Informations pratiques
Début du contrat : 01/09/2015
Durée du contrat : 3 ans
Laboratoire d’affectation :
UMR 8198 Unité Evo-Eco-Paléo (EEP),
CNRS Université LILLE 1 Sciences et Technologies
59655 Villeneuve d’Ascq Cedex France
Rémunération nette mensuelle : Environ 1350 € avec possibilité à Lille 1, à partir de la deuxième année de thèse, de
faire la demande d’un avenant pédagogique au contrat doctoral (ex-monitorat).
Déroulement et calendrier de la procédure de recrutement
Le dossier de candidature comprendra :
Une argumentation (2 à 3 pages maximum) démontrant l’adéquation du candidat au projet de recherche proposé
(missions et compétences requises). Cette argumentation précisera, entre autre, le socle théorique maitrisé, les
expériences de recherche ou d’animation passées, les méthodologies suivies, les verrous à la réalisation de cette thèse
et les solutions envisagées pour les dépasser.

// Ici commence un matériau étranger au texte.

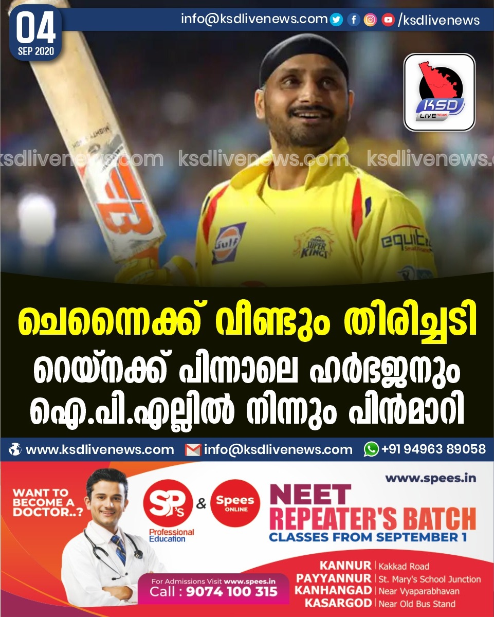 ദേശീയം ചെന്നൈക്ക് വീണ്ടും തിരിച്ചടി : റെയ്നക്ക് പിന്നാലെ ഹർഭജനും ഐ.പി.എല്ലിൽ നിന്നും പിൻമാറിSeptember 4, 2020

Un Curriculum Vitae détaillé (plusieurs pages possibles);
Le relevé de notes de Master 1 et celui du 1er semestre de Master 2 ;
Une lettre de recommandation de l’encadrant du mémoire de Master 2 ;
Une lettre de l’encadrant de Master attestant de la soutenance prochaine du/de la candidat(e) (avant le 31 août
2015).
La date limite d’envoi des dossiers de candidatures est fixée au 15 avril 2015 (inclus) à
Yves PIQUOT ;
Richard RAYMOND .
Les candidat(e)s doivent pouvoir se rendre disponible pour un entretien qui sera éventuellement proposé entre le 1
juin et le 30 juin 2015. Les candidat(e)s retenu(e)s après examen des dossiers (et éventuellement audition) seront
tenu(e)s informé(e)s des résultats à partir du 10 juillet 2015.